[EXERCISE DESCRIPTION]: Produce a word-for-word copy of the data that follows, excluding images.

[DATA PROVIDED]:
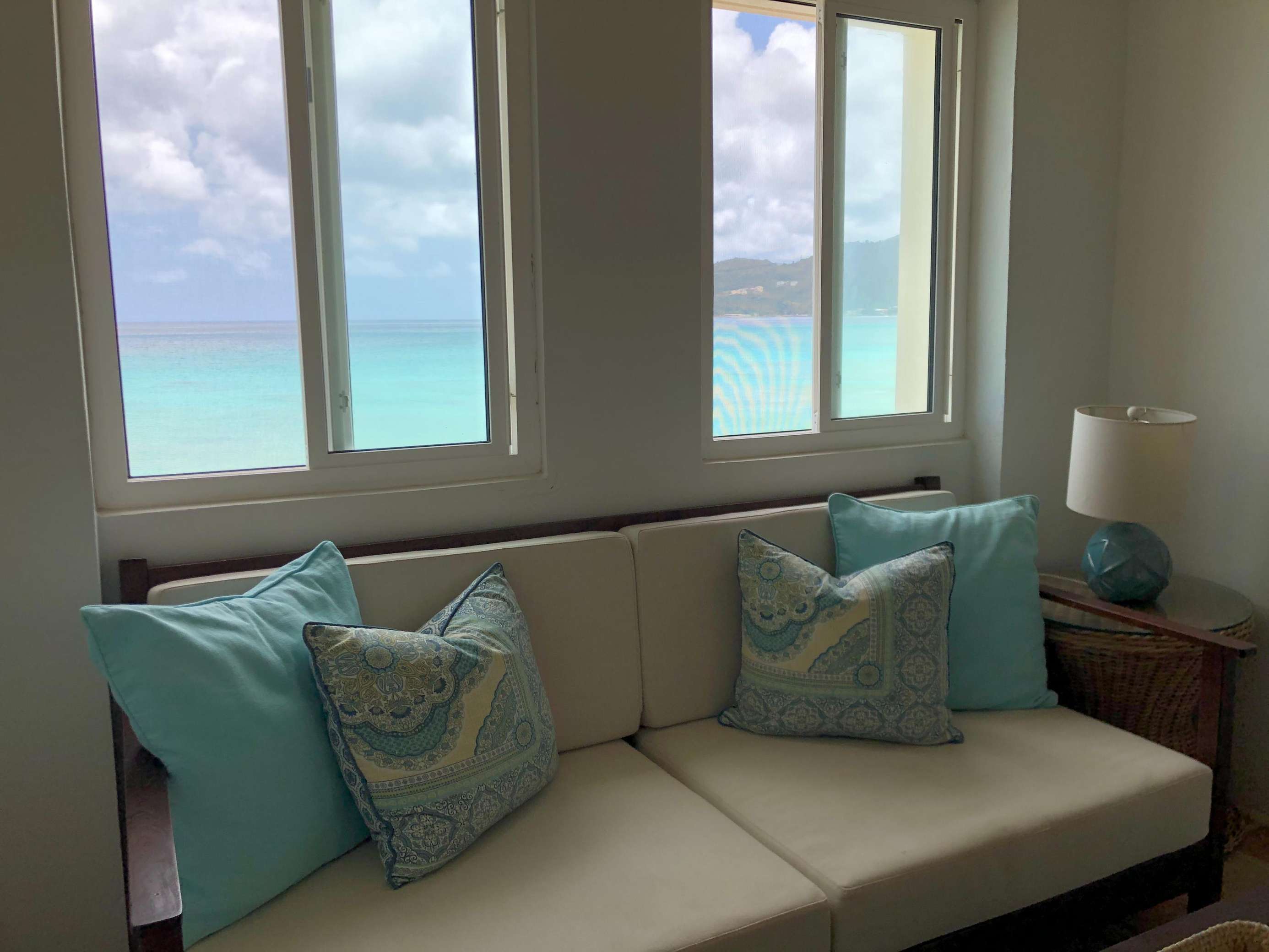 The decor is tasteful with a cool, coastal vibe. Everything is light, bright and breezy and perfectly complements the turquoise ocean which is so close it feels as if it’s in touching distance.
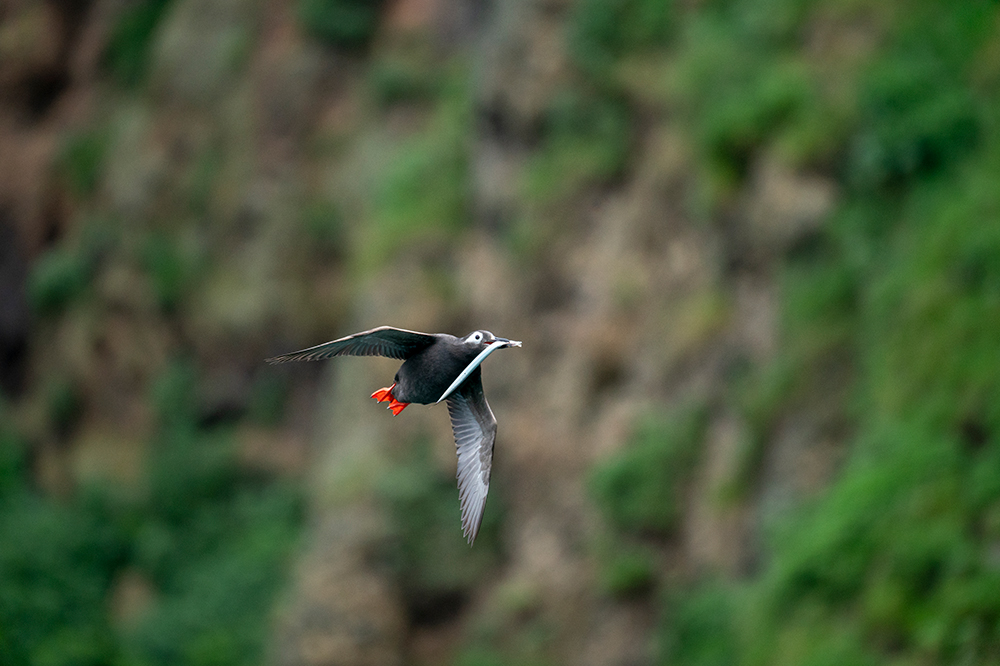 上の作品もISO6400で撮影したものです。海から急上昇してきたケイマフリを、断崖の上から見下ろした状態で狙いました。下にいる時からコンティニュアスAFでピントを合わせ続けていましたが、被写体が画面の端にきてしまっても逃さず捉えてくれました。α9はAFエリアが広く、主役である鳥を自在に配置できるのも魅力です。
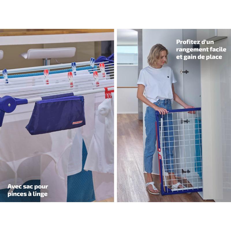 • Selle pesukuivatusrestiga tulevad kaasa riidest kott pesulõksude jaoks ja spetsiaalne riputusriba väiksemate esemete kuivatamiseks;
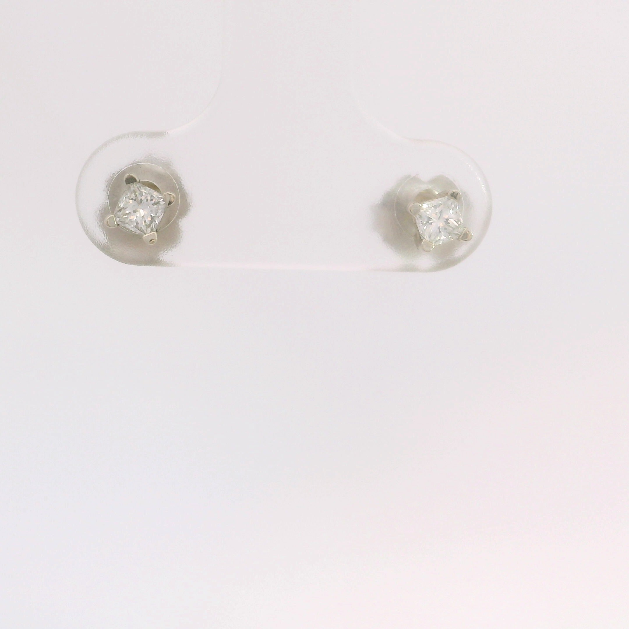 Lady's White 14 Karat Earrings 2 = 0.18tw Princess G/H SI1 Diamonds
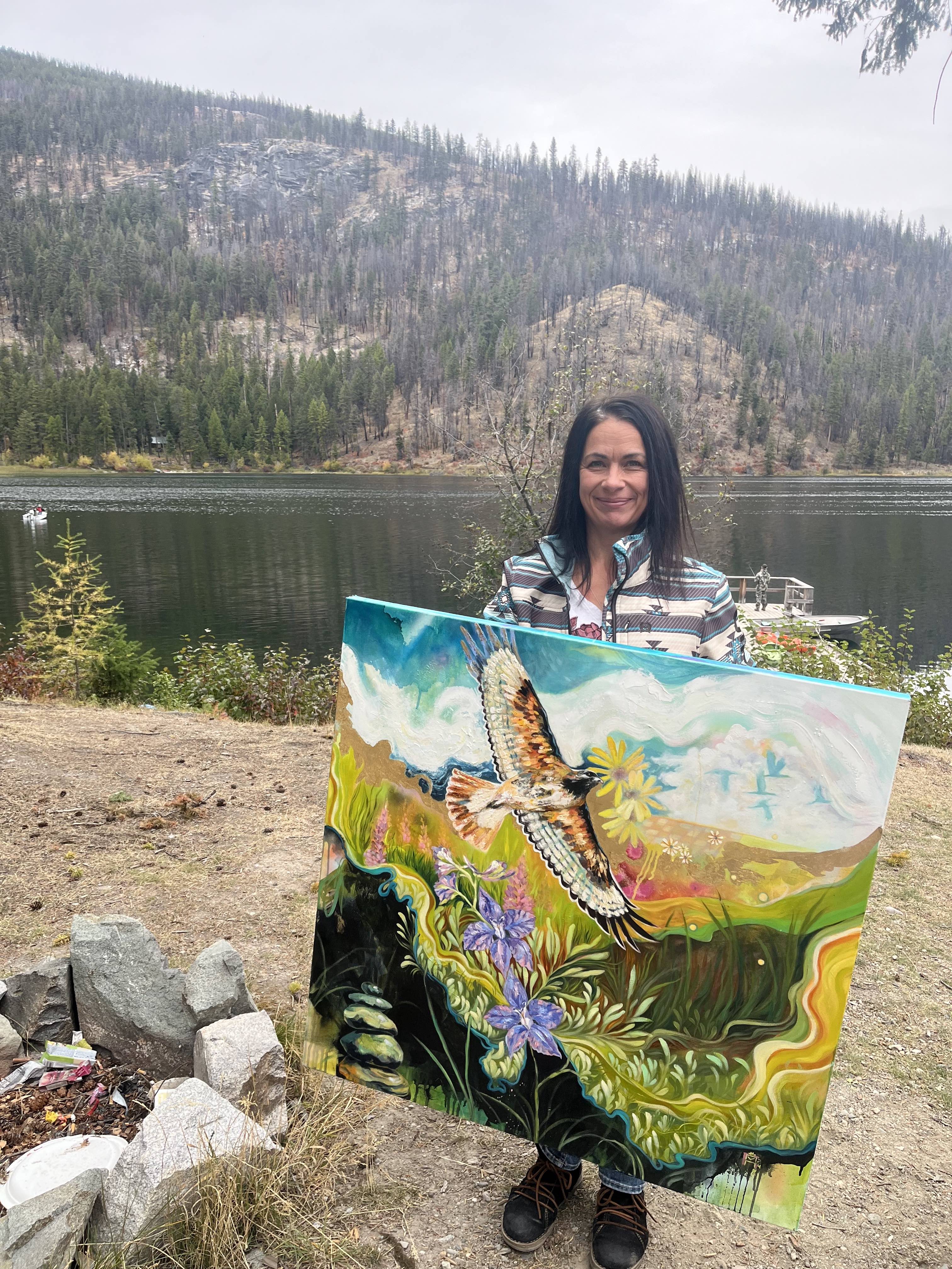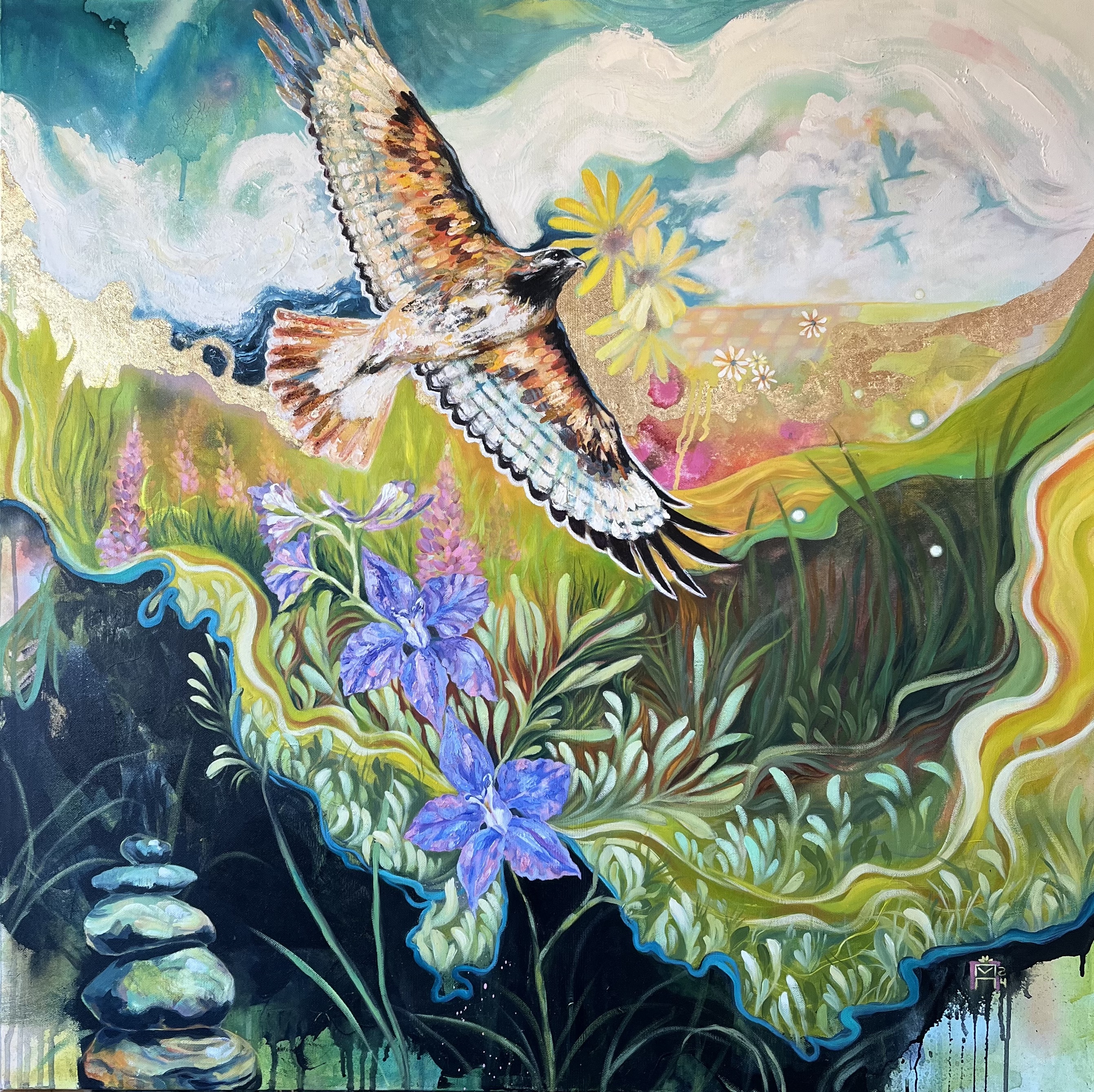 Heather’s words: “It began with self care and fixing up my little private space for continued healing in my health and spirit. I wanted a picture of the Red Tail Hawk. It has always been a totem for me. I was looking for a cheap print online. Then I met Meg and have seen the depth in her work. I knew it was meant to be. I approached her and asked her if she did commission pieces. And. so it began. Little did I know the further hardships I’d face that summer with bombshell, heart shattering truth, and fighting once again for my health. This journey of my spirit and vessel has not been easy for me. It has broken me, fixed me, hardened me, and softened me and molded me into who I am and who I am supposed to be. It hurts, and it’s hard, but it’s wonderfully beautiful and amazing too. Now that my special painting is in it’s home, the freeness that this picture makes me feel is enlightening and uplifting. The mystery captures my spirit and personality. The strength and courage is revealed, and I’m learning to embrace and love myself and truly appreciate who I am, and how strong my vessel and soul really is. Looking at this daily gives me peace and inspiration, and puts me in a positive place. I can hear it and feel it. Thank you, Meg!

[RESULT]:
 The decor is tasteful with a cool, coastal vibe. Everything is light, bright and breezy and perfectly complements the turquoise ocean which is so close it feels as if it’s in touching distance.
 上の作品もISO6400で撮影したものです。海から急上昇してきたケイマフリを、断崖の上から見下ろした状態で狙いました。下にいる時からコンティニュアスAFでピントを合わせ続けていましたが、被写体が画面の端にきてしまっても逃さず捉えてくれました。α9はAFエリアが広く、主役である鳥を自在に配置できるのも魅力です。
 • Selle pesukuivatusrestiga tulevad kaasa riidest kott pesulõksude jaoks ja spetsiaalne riputusriba väiksemate esemete kuivatamiseks;
 Lady's White 14 Karat Earrings 2 = 0.18tw Princess G/H SI1 Diamonds
 Heather’s words: “It began with self care and fixing up my little private space for continued healing in my health and spirit. I wanted a picture of the Red Tail Hawk. It has always been a totem for me. I was looking for a cheap print online. Then I met Meg and have seen the depth in her work. I knew it was meant to be. I approached her and asked her if she did commission pieces. And. so it began. Little did I know the further hardships I’d face that summer with bombshell, heart shattering truth, and fighting once again for my health. This journey of my spirit and vessel has not been easy for me. It has broken me, fixed me, hardened me, and softened me and molded me into who I am and who I am supposed to be. It hurts, and it’s hard, but it’s wonderfully beautiful and amazing too. Now that my special painting is in it’s home, the freeness that this picture makes me feel is enlightening and uplifting. The mystery captures my spirit and personality. The strength and courage is revealed, and I’m learning to embrace and love myself and truly appreciate who I am, and how strong my vessel and soul really is. Looking at this daily gives me peace and inspiration, and puts me in a positive place. I can hear it and feel it. Thank you, Meg!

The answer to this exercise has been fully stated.